I gotta have more info, lol. Where at(on the bridge) and what sort of set up. I always fish the end cause it is hardly ever crowded and room for kids to run around but I guess I may need to fish a little closer, any thoughts or help is greatly appreciated!


----------



## Fuhrer48 (Oct 2, 2007)

good to hear!


----------



## Lynchmob (Oct 2, 2007)

My setup was a 7 ft. med. action allstar pro with a shimano stradic 4000 spooled w/ 20 lb. powerpro. I was using20 lb. fluorocarbon with a#1 circle hook. Hope this helps.


----------



## bamasam (Sep 27, 2007)

They were not there yesterday:banghead:banghead


----------



## seapro (Oct 3, 2007)

Lynchmob those are a couple of nice sheepies. :clap:clap:clap:clap


----------



## Sharkbait410 (Dec 4, 2007)

Them some fine looking sheepies Lynchmob. Congrats on the catch. :clapGlad to know their showing up at the Bob Sikes bridge. It should only get better from here.


----------



## Fishermon (Oct 19, 2007)

Man those sheepies are big....bet they put out a great fight....lucky didn't broke you off around the pilons....nice, nice very nice.....!!!!:clap


----------



## wirenut (Sep 30, 2007)

:clap


----------



## Clay-Doh (Oct 2, 2007)

All these post about sheeps...seems like there makin there spring run early this year! I need to get in the water and shoot some!

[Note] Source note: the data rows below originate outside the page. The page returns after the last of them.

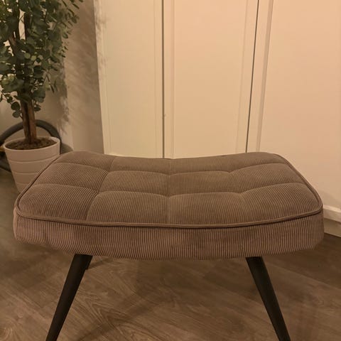 Andrew fotpall i sammet, färg midnattsblå. Fotpallen har ben med hjul och mässingsdetaljer.
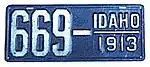 1913 | Embossed white serial on blue plate; "IDAHO 1913" at right | none | 1234 | 1 to approximately 2500 | |
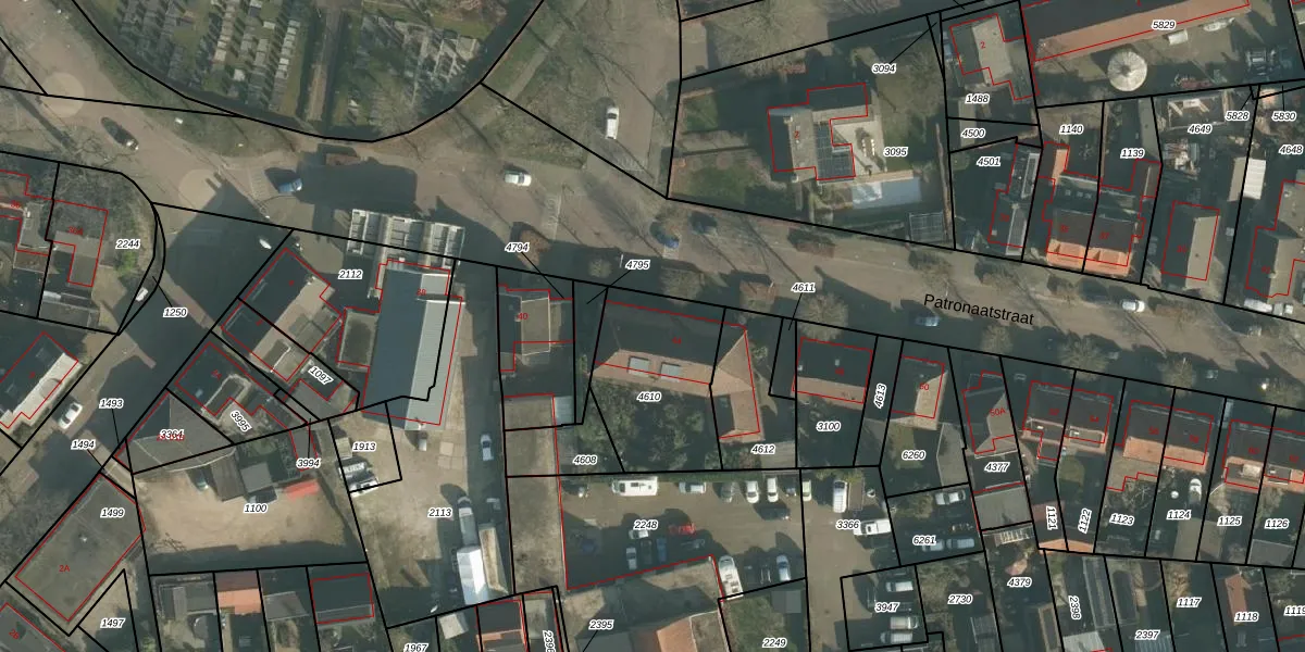 Het perceel waarop Patronaatstraat 44 staat heeft een oppervlakte van 476 m². Dit is een groot perceel. De perceeloppervlakte wordt geregistreerd door het Kadaster. Gedetailleerde informatie over de maten van dit perceel kunt u vinden in het rapport Kadastrale kaart met maatvoering van Patronaatstraat 44.
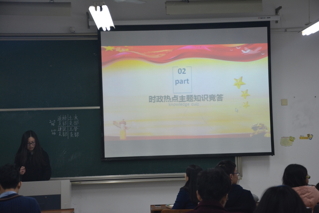 第二个部分是时政热点的问答及抢答环节。各支部对这一环节都表现出了热情,积极参与到题目的抢答之中,同时从答题的正确度也可以看出学生党员对当今社会的时事政治有着较高的了解程度。
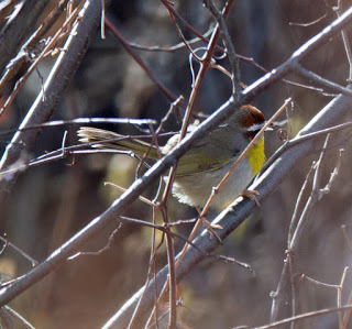 Day 2 south of Tucson involved the trek up Florida Canyon. The trial is pretty good until the tank and then by the dam, it is a couple steps short of bushwacking and after 1/2 of a mile of thorns etc. my arms looked like I was having a fight with a cat. We hiked up prior to a pending storm and pretty much all was silent until we reached as far as we could go...would we find the rufous capped warbler?

Good job on the sheeps man! Thanx for the pics!


----------



## kylemac (Feb 18, 2008)

Very nice!:clap


----------



## biggin (Mar 14, 2008)

congrats,nice fish :toast


----------



## finfinder44 (Dec 16, 2007)

Nice pair of convicts there...bet they tasted great.:clap

Tightlines

finfinder44

<{{{{{>{


----------



## todd in the bay (Oct 3, 2007)

Nice sheeephead.

Any other action there on Bob Sikes?

or ?


----------



## Lynchmob (Oct 2, 2007)

Not yesterday morning there wasn't.


----------



## AquaSport175 (Oct 15, 2007)

Thanks for the update. I plan on hitting up the bridge when this crazy wind calms down.


----------



## Lynchmob (Oct 2, 2007)

Yeah way too windy lately. They are hard enough to catch without any wind, but when it is windy like this it makes it almost impossible to feel them biting.


----------



## Bucki (Dec 24, 2007)

good job!!:clap:clap:clap


----------